Or Galilée était complètement aveugle depuis 1637 ! ! ! Mais l'histoire scientifique ne repose pas seulement sur des témoignages, sur des textes (comme les historiens français l'ont cru au XIX ième parce qu'ils avaient reçu à l'Ecole Normale supérieure une formation exclusivement littéraire).

A côté des témoignages volontaires, il y a des vestiges, « documents involontaires que sans préméditation le passé a laissé tomber le long de sa route », monnaies, poteries, édifices : d'où l'utilité des sciences auxiliaires, archéologie, numismatique.

Marrou (in « De la connaissance historique ») écrit : « Grâce au progrès de la documentation accumulée et exploitée par nos sciences auxiliaires, grâce aux monnaies, aux inscriptions, aux papyrus, nous pouvons aujourd'hui connaître Tibère, Claude ou Néron par bien d'autres voies que les Annales de Tacite ».

C'est ainsi que les « tables claudiennes » de Lyon exhumées par l'archéologie nous ont conservé le texte authentiques d'un discours de l'empereur Claude.
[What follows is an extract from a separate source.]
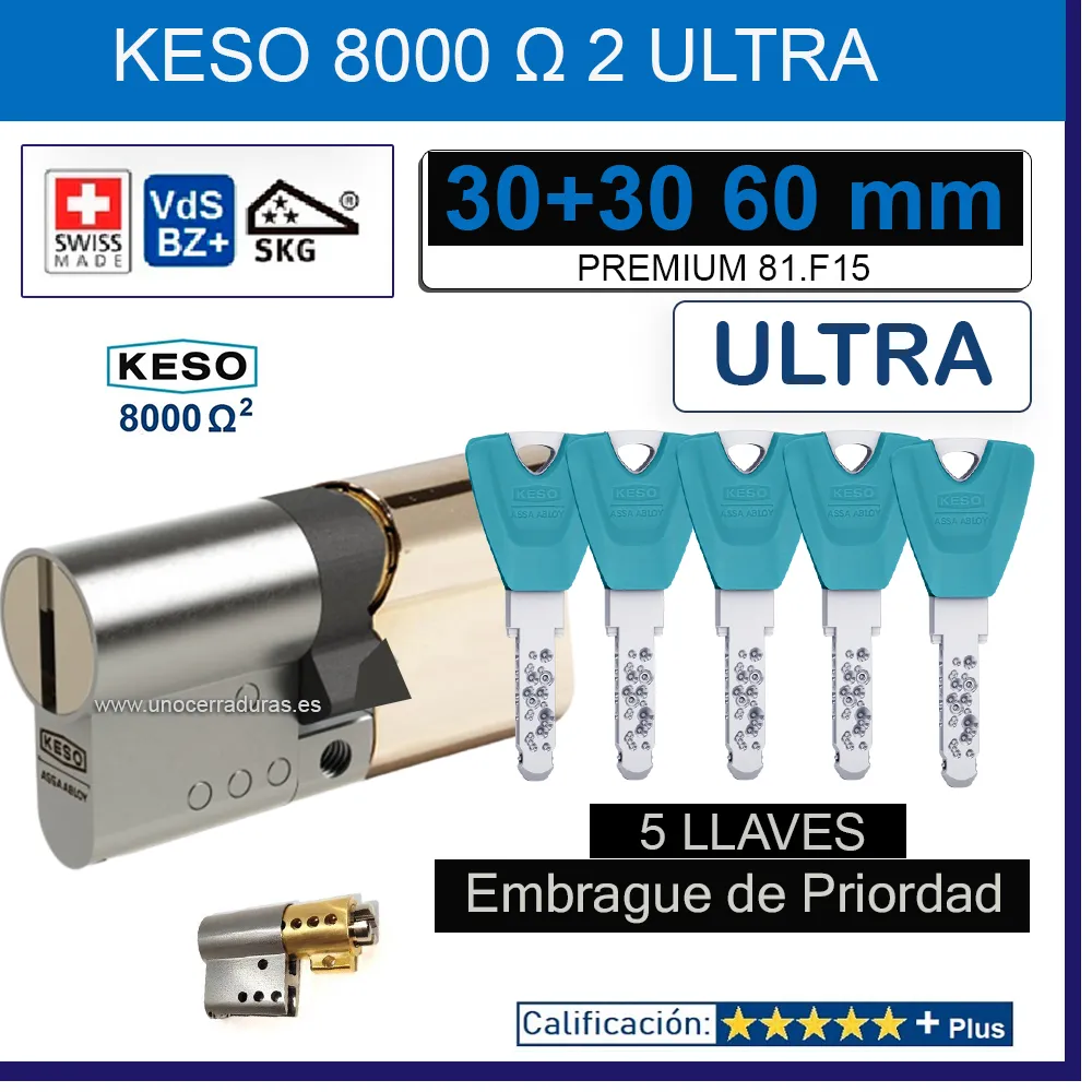 CILINDRO KESO 8000 Omega² 81.F15 ULTRA 30+30:60mm 5 Llaves ORO EMBRAGUE DE PRIORIDAD
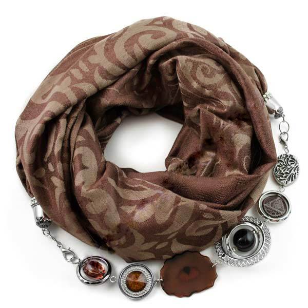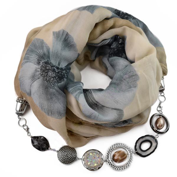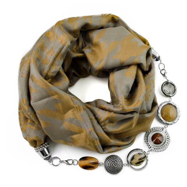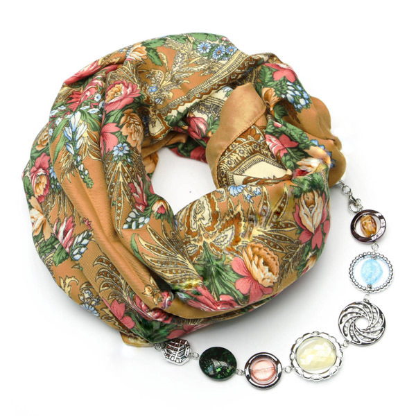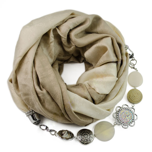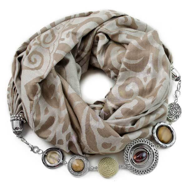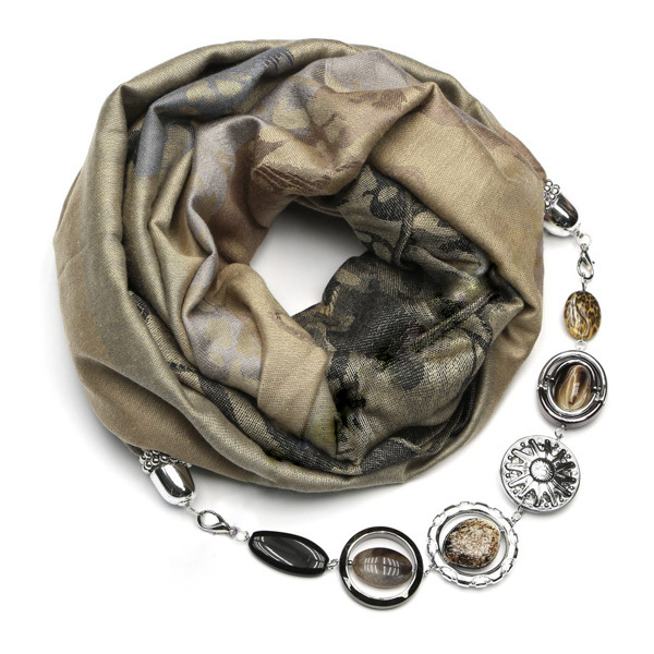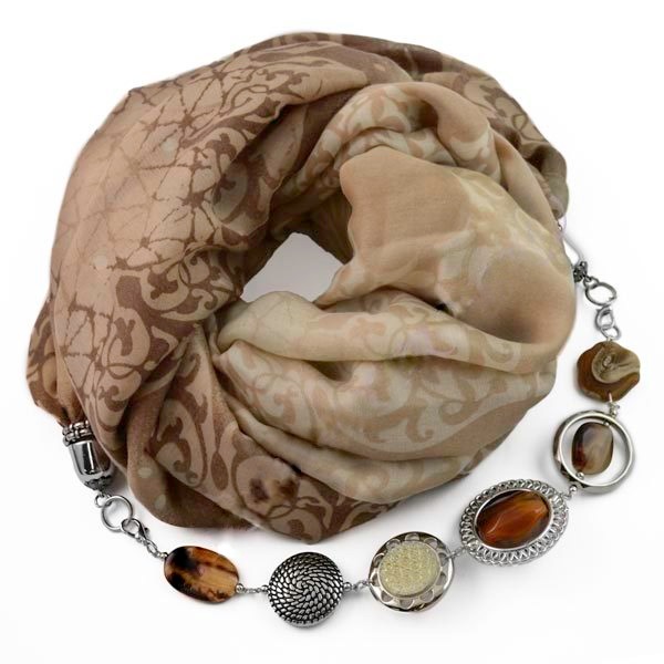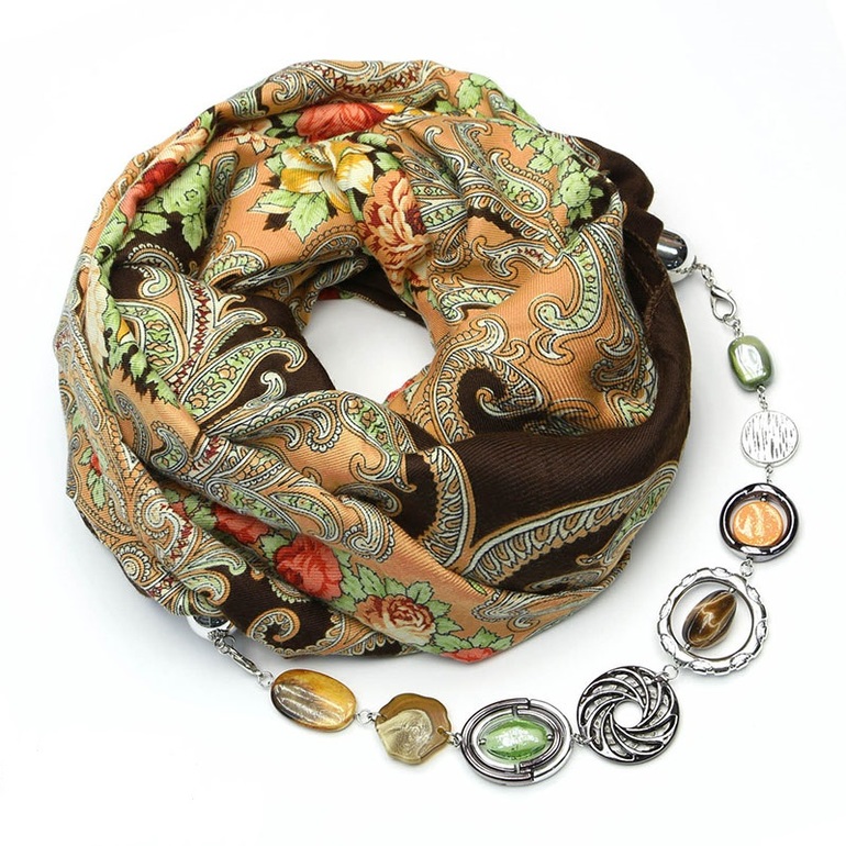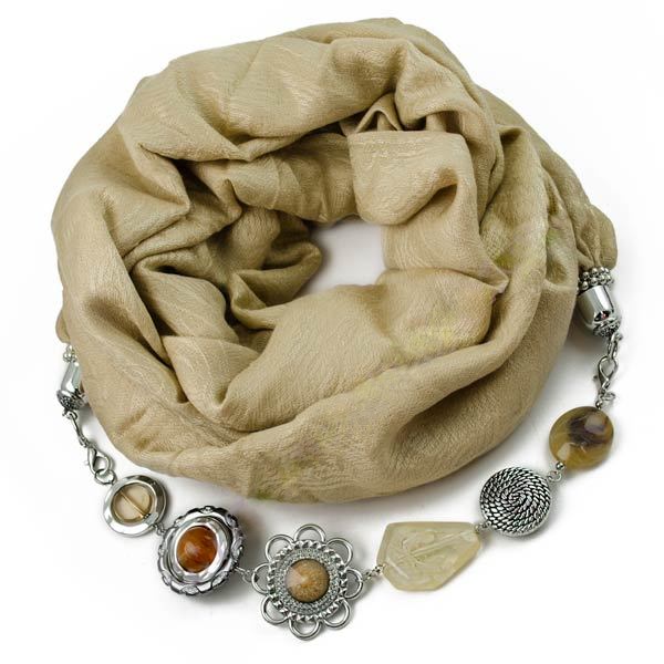 № 602. Шелковый шарф с украшением: бежево-коричневый

On peut confronter cette inscription avec le discours tel qu'il est rapporté par Tacite.

Tacite (comme l'a montré Carcopino) avait le texte authentique sous les yeux et l'a quelque peu transformé avec ses préjugés sénatoriaux.

Ainsi du même coup nous rétablissons le discours de Claude en sa vérité et nous avons des lumières sur le point de vue de Tacite. Mais la reconstruction du passé présente inévitablement d'énormes lacunes.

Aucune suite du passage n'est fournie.